Ever since four-door coupes became a dime a dozen, the European auto industry has been looking for a new niche, and for much of the past year or so, it seemed that the next big thing would be “small premium.” Inspired by the MINI, European automakers from Alfa to Audi have been trying to get consumers to spend big money on tiny, plush cars. But with Audi’s A1 starting at €15,800 ($20,873), it seems that even the efficiency-happy Germans aren’t willing to pay the price of entry for this new niche. Audi built capacity for 100k A1s at its Brussels plant, but since introducing the car in August, Audi has sold only 20k of the pricey subcompacts. And yes, the slow sales do seem to be tied to the exorbitant pricetags.

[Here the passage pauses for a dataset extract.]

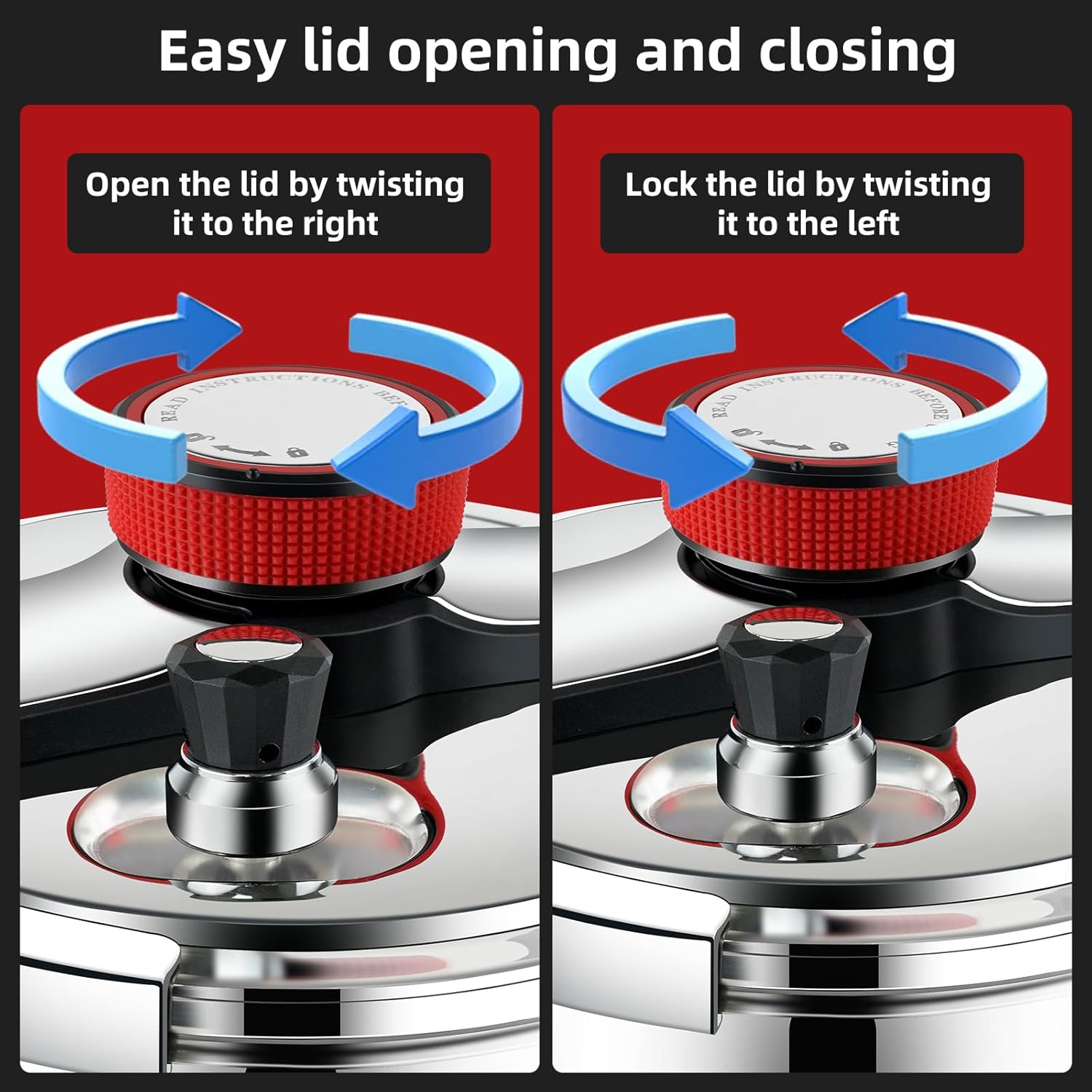 - β [Ergonomically designed handles]-Our pressure cooker is equipped with non-slip, anti-scalding, and easy-to-hold side handles to ensure safe use and long-lasting durability.
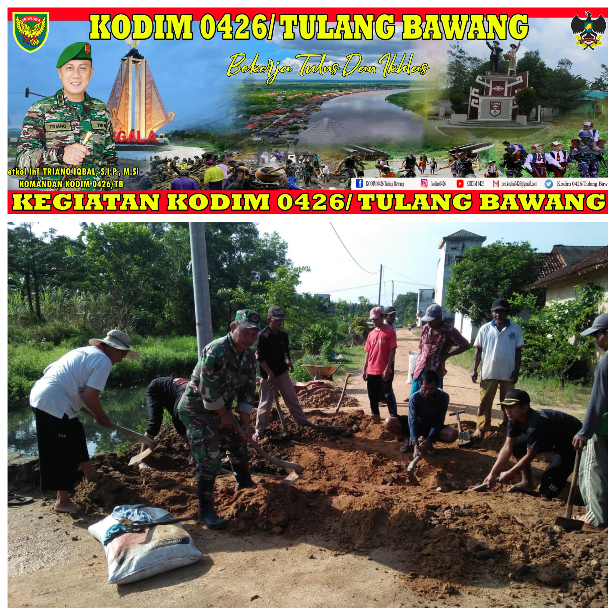 Bentuk Kepedulian Terhadap Warga Binaannya Serma Slamet Riyadi Bersama Warga Binaannya Melaksanakan Pembuatan Parit Jalan Untuk menjaga Kebersihan Lingkungan

”Audi is simply asking too much money for a small premium car,” Metzler Bank auto analyst Juergen Pieper told Automobilwoche. He said Mini could charge high prices for its models because the brand has a cult status.
Some German dealers believe Audi has priced the A1 far too high for the the young target group at which it’s aimed. ”For them it is simply too expensive” a German Audi dealer told Automobilwoche.
The A1 is enjoying considerable success: The company stands by the estimate made at the time of the car’s launch that around 50,000 units will be built by the end of 2010 and 30,000 of them delivered to customers.